Correva l’anno 2005. Al festival di Sanremo Paolo Bonolis dedica un’intera serata alla raccolta fondi per la crisi darfuriana. La colonna sonora di quella sera e dell’intero festival – “I bambini fanno ooh” del cantante Povia – diventa un tormentone nazionale a cui seguirà una polemica sull’effettivo contributo economico promesso dal cantante alle attività umanitarie del Paese. Una pagina abbastanza triste che vi risparmiamo (se volete potete fare un ripasso qui e qui).
Sanremo a parte, è stato soprattutto George Clooney a dare alla crisi del Darfur una risonanza mondiale. Un’attenzione che, forse unico tra le star di Holliwood, ha cercato di mantenere anche nel corso degli anni con periodiche visite in Africa. In Italia, nel 2007, in contemporanea con circa cinquanta Paesi nel mondo, si svolge il per la prima volta il GlobalDay for Darfur, grazie all’impegno della rete Italians for Darfur.
Vi starete chiedendo il perché di questa premessa?
Perché – nel silenzio quasi totale dei media – la crisi darfuriana, mai realmente finita, sta conoscendo in questi mesi una nuovo violento capitolo della sua storia. Secondo quando riportato dalle agenzie delle Nazioni Unite dall’inizio del 2015 sono state oltre 150 mila le persone costrette a lasciare le proprie case a causa delle violenze.
La guerra in Darfur è scoppiata nel 2003 con una ribellione da parte di alcune tribù locali che rivendicavano maggior potere ed autonomia rispetto al governo centrale di Karthoum che, per decenni, aveva relegato la regione alla marginalizzazione economica e politica. Per sedare la rivolta il governo del presidente Omar al-Bashir ha strumentalmente finanziato ed armato alcune milizie locali “arabe” generalmente indicate come “Janjaweed” e alimentato una guerra etnica e di potere all’interno dei tre stati che compongono la grande regione del Darfur.
Dall’inizio del conflitto – stando alle stime delle Nazioni Unite – ci sono stati circa 300 mila morti (per la maggior parte civili indifesi) e 2,5 milioni di sfollati. Di questi 1,5 milioni sono bambini.
In riferimento alla crisi darfuriana e al ruolo del governo sudanese, nel 2009, la Corte Penale Internazionale ha incriminato il presidente al-Bashir per crimini di guerra e contro l’umanità (nel 2010 seguirà anche l’accusa di genocidio).
Il mandato d’arresto non è mai stato eseguito e al-Bashir è stato rieletto presidente lo scorso aprile con il 94,5% dei consensi.
Nel corso del 2015 le truppe governative, che hanno incluso anche alcune ex milizie “Janjaweed” in quelle che vengono oggi chiamate Rapid Suppor Forces, hanno attaccato diversi insediamenti nelle zone controllate dai ribelli.

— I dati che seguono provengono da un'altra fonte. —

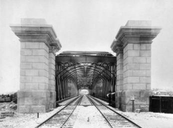 | Keywords: StateLibQld 1 109600 Indooroopilly Railway Bridge, Brisbane, 1895.jpg en Indooroopilly Railway Bridge Brisbane 1895 The second Indooroopilly Railway Bridge was opened on August 17 1895 It replaced the Albert Railway Bridge which was washed away in the 1893 flood The bridge was designed by Henry Charles Stanley Chief Engineer of Railways and at the time was the largest bridge in Australia which was wholly of local manufacture The bridge consisted of two steel spans supported on abutments of masonry and a central concrete pier encased in an iron caisson to low water mark and then built up with masonry to the bearings of the girders Each span was 10 3 m long and each weighed about 610 tonnes A neatly designed footway was carried on the bridge's upstream side Stanley's bridge is still in use today although it has been supplemented with an adjacent bridge to cope with increased traffic Information taken from Janet Hogan Living history of Brisbane 1982 Image shows a view through the bridge with the stone pylons at one end The railway tracks are clearly visible 1895 handle 10462/deriv/129079 Item is held by John Oxley Library State Library of Queensland PD-Australia StateLibQld-License Albert Bridge Brisbane 1895 in Brisbane Black and white photographs of Australia in the 1890s Black and white photographs of bridges Bridges in Australia photographed in 1895 |

La situazione è aggravata dagli scontri tra tribù locali come quelli scoppiati l’11 maggio tra i gruppi Ma’aliya e Reizegat (entrambe tribù arabe) e costati la vita a centinaia di persone.
Una situazione che impedisce l’intervento delle agenzie umanitarie già vittime della scarsa collaborazione del governo di Karthoum che, nel 2009, ha espulso dal Paese una dozzina di ONG ritenute “non gradite” al potere.

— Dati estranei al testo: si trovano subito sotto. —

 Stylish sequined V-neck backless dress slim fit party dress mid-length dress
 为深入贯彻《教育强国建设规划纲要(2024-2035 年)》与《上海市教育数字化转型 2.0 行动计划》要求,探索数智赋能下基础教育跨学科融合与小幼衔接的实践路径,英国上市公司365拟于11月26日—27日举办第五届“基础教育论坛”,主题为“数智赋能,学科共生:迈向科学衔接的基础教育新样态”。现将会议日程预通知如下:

“A causa del conflitto – ha raccontato all’agenzia IRIN, Geert Cappelaere, rappresentante dell’Unicef nel Paese – da quattro anni non è possibile accedere ad alcune aree”. Solo restando all’area di Jebl Marra, interessata dai recenti combattimenti, sarebbero 50 mila i bambini a cui è negato l’aiuto umanitario, incluse le vaccinazioni essenziali.
Le Nazioni Unite hanno fissato a un miliardo di dollari i fondi necessari per gli interventi umanitari in Darfur nel 2015. Una cifra che, ad oggi, sarebbe coperta solo al 28 per cento.
Violenze e mancanza di intervento umanitario aprono la strada a nuovi inquietanti scenari per una crisi che non sembra interessare più. E poco importa “se i bambini del Darfur fanno ooh”.